We all want patients/consumers to have the information they need for reducing their risk of getting breast cancer as well as to be empowered with information so they can embark on shared decision-making with their oncology treatment team. Enabling consumers to get a genetic testing kit for self-collection, with results sent to their home, has now happened, courtesy of the FDA.
This direct-to-consumer issue is serious because ramifications can include unwise decisions that were based on limited information. Given this level of access, patients may assume that if their test is negative for a breast cancer gene mutation, they have no risk of getting cancer; or if their test is positive, that they are doomed to get several types of cancer.
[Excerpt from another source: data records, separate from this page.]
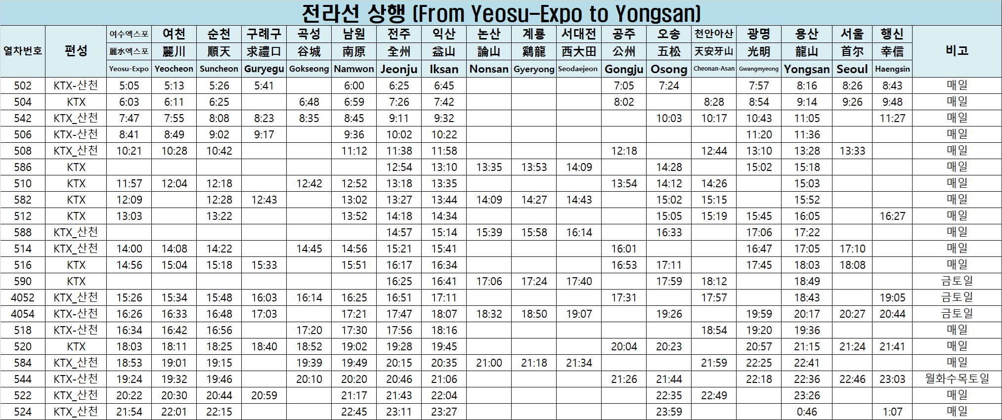 | 2025년 서울(용산역) → 여수엑스포 KTX 시간표 총정리 🚄 변경 예정 시간표까지 한눈에! (0) | 2025.05.05 |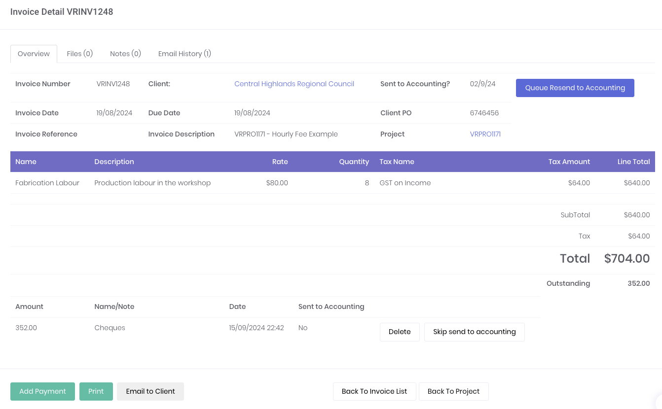 - Back to Project - Display the project detail page of the project the invoice was raised.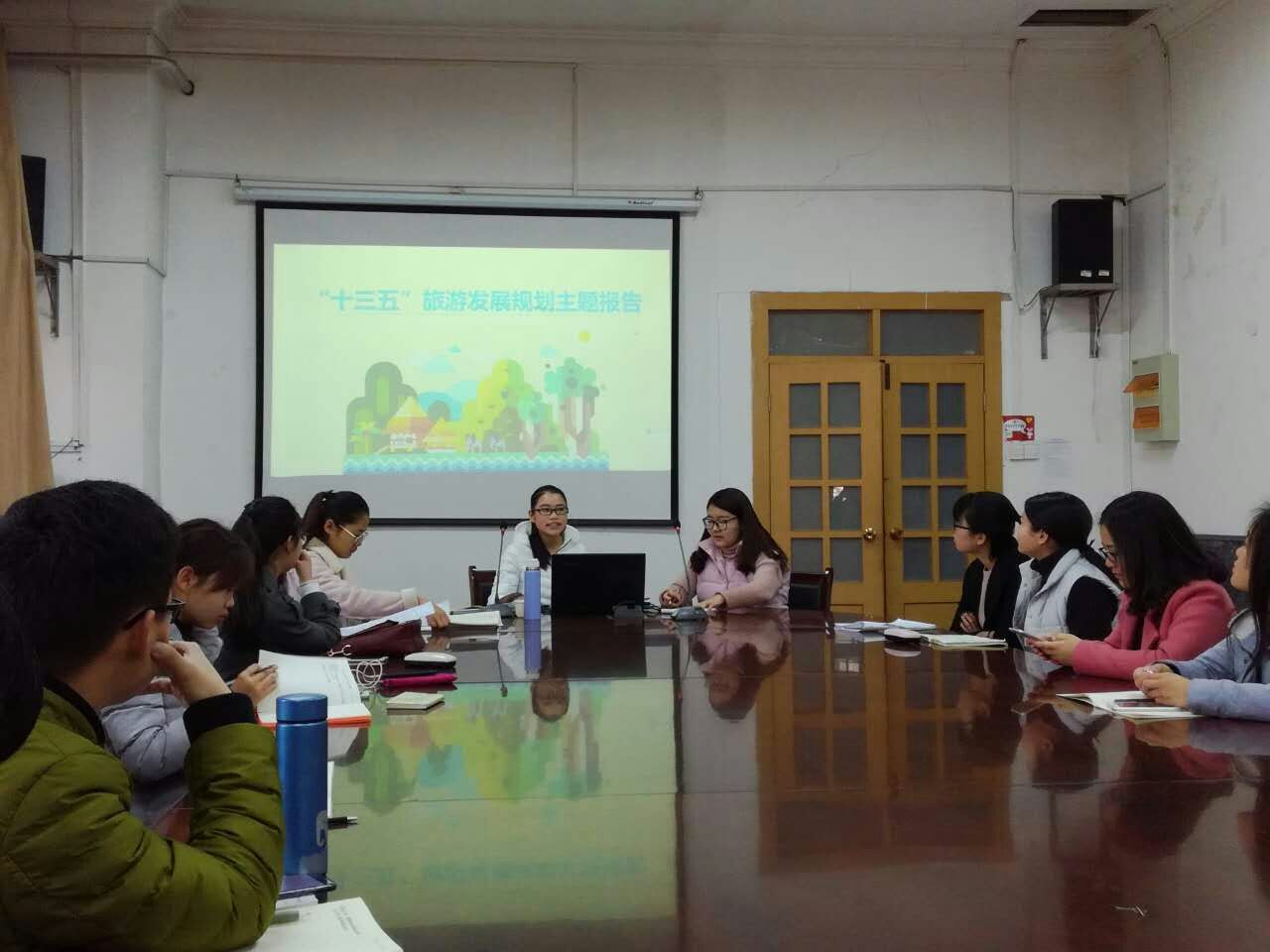 2月25日上午,在今年会jinnianhuicom三楼会议室成功举办了以“十三五”旅游发展规划为主题的第14期沙龙活动。王忠丽和张野老师出席了本次活动。15级旅游管理专业沈联衢同学担任本期的主持人,近30名旅游管理的学生参与了本次活动。

So we need to caution our patients about traveling this direct-to-consumer road.
Those navigators involved with community outreach need to explain, at health fairs and other venues, that it is smarter to get genetic counseling from professional individuals certified in genetics counseling rather than taking this test as an opportunity to learn about their genetic status. The test is easy to do; the interpretation of the results is not. It would be terrible to have consumers not get a mammogram because their test was negative. Their family history, other risk factors, and lack of testing for other breast cancer genes may actually point to them being at high risk for getting breast cancer. And what do the test results mean for siblings, offspring, and other family members?
These issues illustrate why genetic testing should not be taken on single-handedly by a patient or consumer. Without professional counseling, testing should not happen.